FW (from Bryan): ISSUE-227 (When is new technology "new technology"?): How Useful will the CT Guidelines Doc be, without extensions to HTTP? [Content Transformation Guidelines]

Copying to ct list

-----Original Message-----
From: member-bpwg-request@w3.org [mailto:member-bpwg-request@w3.org] On
Behalf Of Sullivan, Bryan
Sent: 20 November 2007 19:03
To: Mobile Web Best Practices Working Group WG
Subject: RE: ISSUE-227 (When is new technology "new technology"?): How
Useful will the CT Guidelines Doc be, without extensions to HTTP?
[Content Transformation Guidelines]


Jo,
This is a good representation of the problem at hand and the key
options. Like I said in Boston, any choice will damn us, including
inaction. Especially functional changes (being new or semantically
different/reused) to headers or values causes a variety of issues, e.g.
to interoperability (e.g. cache control as one of the more problematic
areas of variance in browser behavior). But progress demands crossing
that boundary when we have to. The question is can the CTTF make any
substantial progress on CT without such functional changes?

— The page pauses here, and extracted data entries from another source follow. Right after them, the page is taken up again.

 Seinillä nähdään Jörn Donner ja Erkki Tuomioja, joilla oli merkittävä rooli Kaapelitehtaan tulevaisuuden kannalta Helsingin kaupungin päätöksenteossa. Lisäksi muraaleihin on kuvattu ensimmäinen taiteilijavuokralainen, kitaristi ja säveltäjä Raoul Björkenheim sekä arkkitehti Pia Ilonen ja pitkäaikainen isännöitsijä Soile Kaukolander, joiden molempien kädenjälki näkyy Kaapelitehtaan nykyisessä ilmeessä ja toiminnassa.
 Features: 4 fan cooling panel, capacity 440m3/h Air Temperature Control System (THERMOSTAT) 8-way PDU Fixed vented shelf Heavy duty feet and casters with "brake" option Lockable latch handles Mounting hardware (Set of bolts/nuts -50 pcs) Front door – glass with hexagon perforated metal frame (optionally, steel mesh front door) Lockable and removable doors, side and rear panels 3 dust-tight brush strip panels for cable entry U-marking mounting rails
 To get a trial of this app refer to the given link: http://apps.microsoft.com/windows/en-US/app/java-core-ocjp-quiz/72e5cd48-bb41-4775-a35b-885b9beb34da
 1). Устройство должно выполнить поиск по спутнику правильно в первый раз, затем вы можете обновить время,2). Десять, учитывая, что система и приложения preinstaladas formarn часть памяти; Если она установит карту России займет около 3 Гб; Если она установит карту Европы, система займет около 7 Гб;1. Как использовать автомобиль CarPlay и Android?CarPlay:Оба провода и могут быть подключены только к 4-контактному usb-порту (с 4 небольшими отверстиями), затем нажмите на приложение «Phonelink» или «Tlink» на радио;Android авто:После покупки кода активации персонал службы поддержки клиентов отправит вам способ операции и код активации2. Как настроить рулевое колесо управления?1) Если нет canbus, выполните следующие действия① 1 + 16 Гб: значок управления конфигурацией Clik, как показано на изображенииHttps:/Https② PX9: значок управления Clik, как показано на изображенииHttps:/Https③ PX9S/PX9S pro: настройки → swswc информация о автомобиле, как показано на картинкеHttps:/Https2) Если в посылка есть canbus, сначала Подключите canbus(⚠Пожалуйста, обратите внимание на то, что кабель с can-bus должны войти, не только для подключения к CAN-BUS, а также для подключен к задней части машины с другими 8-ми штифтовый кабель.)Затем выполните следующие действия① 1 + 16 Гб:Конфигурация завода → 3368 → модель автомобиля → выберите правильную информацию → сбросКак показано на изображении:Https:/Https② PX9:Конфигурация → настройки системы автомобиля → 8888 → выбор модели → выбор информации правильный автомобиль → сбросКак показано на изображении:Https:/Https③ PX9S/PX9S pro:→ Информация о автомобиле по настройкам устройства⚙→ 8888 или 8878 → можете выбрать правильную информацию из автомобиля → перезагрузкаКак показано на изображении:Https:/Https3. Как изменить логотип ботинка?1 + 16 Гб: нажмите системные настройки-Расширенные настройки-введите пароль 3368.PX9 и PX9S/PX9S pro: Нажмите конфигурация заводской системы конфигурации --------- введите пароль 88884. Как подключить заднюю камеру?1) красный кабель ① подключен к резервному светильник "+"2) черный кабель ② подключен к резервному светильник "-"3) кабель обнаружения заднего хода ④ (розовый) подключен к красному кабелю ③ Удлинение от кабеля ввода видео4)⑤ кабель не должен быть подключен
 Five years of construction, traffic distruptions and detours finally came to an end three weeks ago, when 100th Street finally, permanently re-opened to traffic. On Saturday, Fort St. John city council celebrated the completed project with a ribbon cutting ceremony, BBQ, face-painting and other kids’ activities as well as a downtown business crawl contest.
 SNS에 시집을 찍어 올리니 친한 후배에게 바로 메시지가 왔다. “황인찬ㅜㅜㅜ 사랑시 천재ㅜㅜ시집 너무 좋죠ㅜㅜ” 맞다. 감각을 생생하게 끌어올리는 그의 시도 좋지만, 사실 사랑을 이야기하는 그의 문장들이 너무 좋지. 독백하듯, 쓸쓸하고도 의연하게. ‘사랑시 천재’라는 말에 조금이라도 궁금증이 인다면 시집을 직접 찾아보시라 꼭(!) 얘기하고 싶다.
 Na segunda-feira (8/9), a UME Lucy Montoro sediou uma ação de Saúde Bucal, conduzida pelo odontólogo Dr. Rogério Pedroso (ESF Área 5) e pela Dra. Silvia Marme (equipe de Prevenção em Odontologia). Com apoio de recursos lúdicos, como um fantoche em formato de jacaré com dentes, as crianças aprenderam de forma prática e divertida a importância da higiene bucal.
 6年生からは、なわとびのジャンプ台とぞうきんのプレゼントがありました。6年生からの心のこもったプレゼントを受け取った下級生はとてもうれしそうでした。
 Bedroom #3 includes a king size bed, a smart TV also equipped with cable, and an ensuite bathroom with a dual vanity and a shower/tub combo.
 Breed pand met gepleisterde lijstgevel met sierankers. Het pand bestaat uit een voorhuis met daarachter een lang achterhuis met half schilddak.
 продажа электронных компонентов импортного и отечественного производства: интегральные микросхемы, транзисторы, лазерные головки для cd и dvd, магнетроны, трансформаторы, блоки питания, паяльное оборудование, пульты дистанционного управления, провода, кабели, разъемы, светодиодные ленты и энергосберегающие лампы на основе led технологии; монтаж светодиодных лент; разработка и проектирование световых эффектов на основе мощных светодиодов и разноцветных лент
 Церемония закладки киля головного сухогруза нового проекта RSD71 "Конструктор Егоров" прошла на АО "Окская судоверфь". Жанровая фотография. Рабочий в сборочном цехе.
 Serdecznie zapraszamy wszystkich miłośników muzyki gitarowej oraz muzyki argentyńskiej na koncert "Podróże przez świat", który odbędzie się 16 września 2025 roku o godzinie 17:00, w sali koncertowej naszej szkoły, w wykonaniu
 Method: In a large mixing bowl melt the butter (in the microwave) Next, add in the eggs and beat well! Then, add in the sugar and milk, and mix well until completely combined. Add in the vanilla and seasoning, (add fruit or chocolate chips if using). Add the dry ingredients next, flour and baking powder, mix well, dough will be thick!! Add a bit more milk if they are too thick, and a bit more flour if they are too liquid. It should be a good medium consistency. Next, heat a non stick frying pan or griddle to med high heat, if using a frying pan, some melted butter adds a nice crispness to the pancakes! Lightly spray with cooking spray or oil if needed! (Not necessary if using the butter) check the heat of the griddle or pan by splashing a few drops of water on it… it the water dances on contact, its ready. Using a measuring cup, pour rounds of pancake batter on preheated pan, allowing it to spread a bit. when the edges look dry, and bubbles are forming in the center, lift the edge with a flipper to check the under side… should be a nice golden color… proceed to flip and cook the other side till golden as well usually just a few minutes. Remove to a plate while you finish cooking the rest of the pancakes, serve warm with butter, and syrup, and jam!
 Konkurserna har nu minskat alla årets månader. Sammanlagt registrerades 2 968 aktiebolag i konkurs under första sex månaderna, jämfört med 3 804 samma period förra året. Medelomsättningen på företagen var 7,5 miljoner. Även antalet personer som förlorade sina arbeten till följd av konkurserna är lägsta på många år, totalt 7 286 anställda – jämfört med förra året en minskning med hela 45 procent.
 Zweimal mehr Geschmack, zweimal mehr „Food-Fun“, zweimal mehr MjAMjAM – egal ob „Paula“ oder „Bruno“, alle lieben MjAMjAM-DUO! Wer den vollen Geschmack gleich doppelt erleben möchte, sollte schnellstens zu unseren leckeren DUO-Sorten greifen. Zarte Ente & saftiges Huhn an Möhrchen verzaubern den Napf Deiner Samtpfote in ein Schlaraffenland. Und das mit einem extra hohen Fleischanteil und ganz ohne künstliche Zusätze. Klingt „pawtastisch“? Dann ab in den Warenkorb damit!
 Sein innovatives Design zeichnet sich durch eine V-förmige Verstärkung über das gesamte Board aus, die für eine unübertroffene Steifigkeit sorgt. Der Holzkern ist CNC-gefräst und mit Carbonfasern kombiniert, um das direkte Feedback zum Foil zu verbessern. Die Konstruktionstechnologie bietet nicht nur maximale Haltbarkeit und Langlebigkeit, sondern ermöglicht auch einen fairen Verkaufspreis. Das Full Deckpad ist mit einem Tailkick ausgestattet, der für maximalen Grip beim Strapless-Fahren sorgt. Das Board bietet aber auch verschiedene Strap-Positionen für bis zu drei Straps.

The core requirements that I offered in
http://lists.w3.org/Archives/Public/public-bpwg-ct/2007Nov/0000.html
point to the need of several things that cannot be provided, imo,
without functional changes, e.g.
- awareness of CT support in delivery context entities
- entity selection of CT "features" to enable/disable
- semantic disclosure of alternative representations (RFC 2295 may help,
but from an implementation perspective would still be largely new)

Other than these functional changes, all we can do is describe what the
CT proxy should offer/do based upon current headers or other out-of-band
information (e.g. from administration or at the presentation layer,
without specifying how it was determined). That would be valuable at
least though to identify where the real functional gaps are, and focus
the followup work (which may require a charter change).

Best regards,
Bryan Sullivan | AT&T | Service Standards
bryan.sullivan@att.com
-----Original Message-----
From: member-bpwg-request@w3.org [mailto:member-bpwg-request@w3.org] On
Behalf Of Mobile Web Best Practices Working Group Issue Tracker
Sent: Tuesday, November 20, 2007 9:42 AM
To: member-bpwg@w3.org
Subject: ISSUE-227 (When is new technology "new technology"?): How
Useful will the CT Guidelines Doc be, without extensions to HTTP?
[Content Transformation Guidelines]



ISSUE-227 (When is new technology "new technology"?): How Useful will
the CT Guidelines Doc be, without extensions to HTTP? [Content
Transformation Guidelines]

http://www.w3.org/2005/MWI/BPWG/Group/track/issues/

Raised by: Jo Rabin
On product: Content Transformation Guidelines

I took an action (ACTION-602) at today's CT Task Force Meeting to raise
this as a formal issue.

The options seem to me to be:

a) Cut back the proposed text to discussion of how to use no-transform
and the Vary header, together with various heuristics relating to the
nature of content (e.g. XHTML-MP, link headers and the like)
b) Introduce new values for Cache-Control, which appears to be condoned
by HTTP/1.1 in the section on Cache-Control
c) Try to use some headers that are introduced in RFC 2295 and have been
registered
d) Invent entirely new headers

If we stuck to just a) we would achieve very little beyond what has
already been promulgated, e.g. by dotMobi. On the other hand, going
beyond that could be considered only borderline within our charter
remit. Especially option d) which I don't favour.